Where the records come from (the contributing programmes named in the release): the NCD (non-communicable diseases) Programme, CoWIN, PM-JAY, Uttar Pradesh's eKavach, the Reproductive and Child Health (RCH) programme, eHospital (developed by NIC), eSushrut (developed by C-DAC), Gujarat's TeCHO and Rajasthan's iHMS. The breadth of this list — central platforms plus state-run systems plus NIC/C-DAC products — is itself the exam point: ABDM is an integrating layer, not a replacement for these systems.
Why it matters
India's health records have historically been fragmented and paper-bound: a patient's history sits in scattered files across the clinic, the district hospital, the private lab and the pharmacy, none of which can see the others. That fragmentation causes repeated diagnostic tests, lost histories, weak continuity of care, and almost no usable data for population-level planning.
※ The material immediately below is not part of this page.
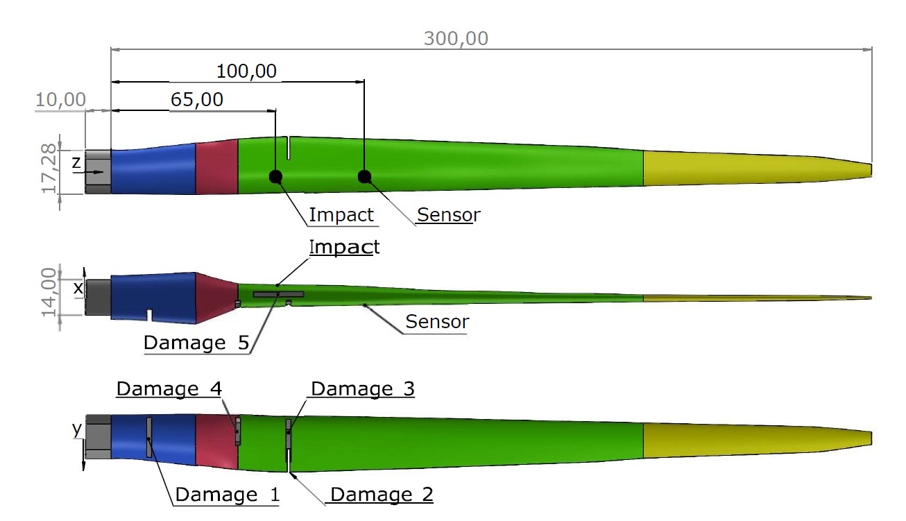 风力涡轮机叶片在承受持续的机械应力和恶劣环境条件下,早期损伤检测显得尤为重要,它确保了结构的完整性和降低了维护成本。然而,传统的检测方法往往成本高昂且费时费力。在本项研究中,研究人员利用拓竹3D打印机,制造了一个300毫米长的NREL 5MW叶片比例模型,并在叶片的关键区域(如根部、跨中和过渡区)引入了五种不同类型的裂纹损伤。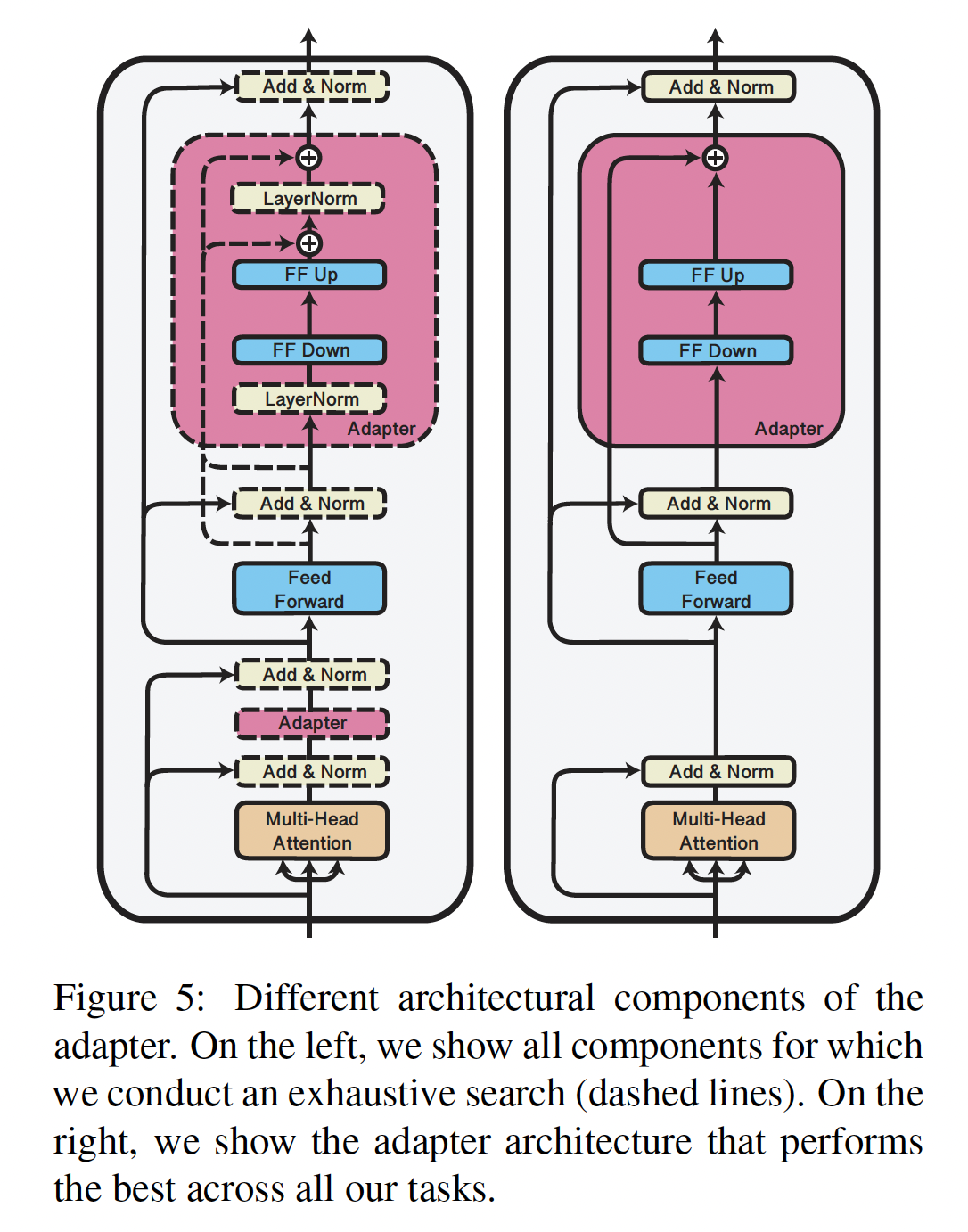最近,《Exploring versatile generative language model via parameter-efficient transfer learning》 提出了一个更高效的设计,其中 adapter layer 仅应用于 MLP 模块之后和 LayerNorm 之后。我们称之为 《Adapterfusion: Non-destructive task composition for transfer learning》 提出的另一种设计非常相似,我们称之为

ABDM addresses this by giving each citizen a portable, longitudinal record that travels with them by consent rather than with the institution that happened to create it.
A linked-records base at 100-crore scale changes what is possible: continuity of care across providers, faster and less duplicative treatment, smoother insurance claims through NHCX, and — at the system level — far better evidence for disease surveillance and health-policy planning. It also deepens the argument that India's population-scale DPI model (identity, payments, and now health) is a repeatable template. The same milestone, however, sharpens the open questions the model must answer: data privacy and security, meaningful consent, the digital divide for rural and elderly users, and the governance of who can access sensitive health data and for what purpose. The scale is the achievement; the safeguards are the unfinished agenda.
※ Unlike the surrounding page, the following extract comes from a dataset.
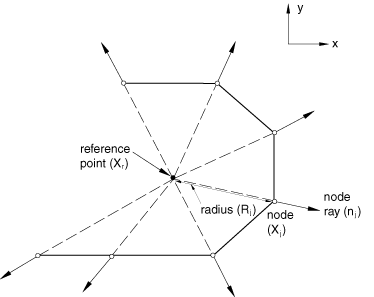 Figure 1. Reference point and node rays for acoustic infinite elements.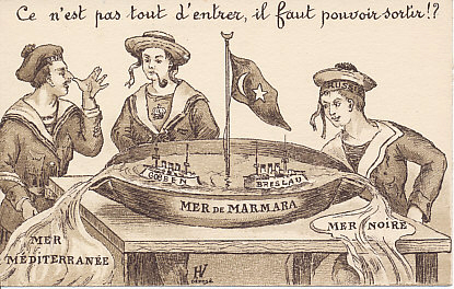 It's not just entering, you have to be able to get out! On August 8, two German battleships, Goeben and Breslau, entered Turkish waters in the Dardanelles Strait. The ships passed the forts that defended the Strait along the northern and southern shores, crossed the Sea of Marmora, and, at the mouth of the Bosphorus leading to the Black Sea, anchored in Constantinople, capital of Turkey. Althought the French and English could lie in wait for them to re-enter the Mediterranean, the Russian Black Sea fleet had no match for Goeben. The narrow flowing to the Mediterranean is the Dardanelles, that to the Black Sea is the Bosphorus. Card by HV.

There is also a federal dimension worth carrying into an answer. The State leaderboard — Uttar Pradesh well ahead, followed by Andhra Pradesh, Bihar, Rajasthan and Gujarat — and the prominence of state-built systems (UP's eKavach, Gujarat's TeCHO, Rajasthan's iHMS) in feeding records show that a national digital platform succeeds only when States adopt and integrate their own programmes with it. Health is a State subject, so ABDM's progress depends on cooperative federalism in practice: the Centre supplies the common standards and the consent rail through the NHA, while States bring the populations, the facilities and the field-level data. The fact that the fastest-growing contributions come from a mix of central platforms (CoWIN, PM-JAY, the NCD and RCH programmes) and State systems is precisely what a complete note on this milestone should record.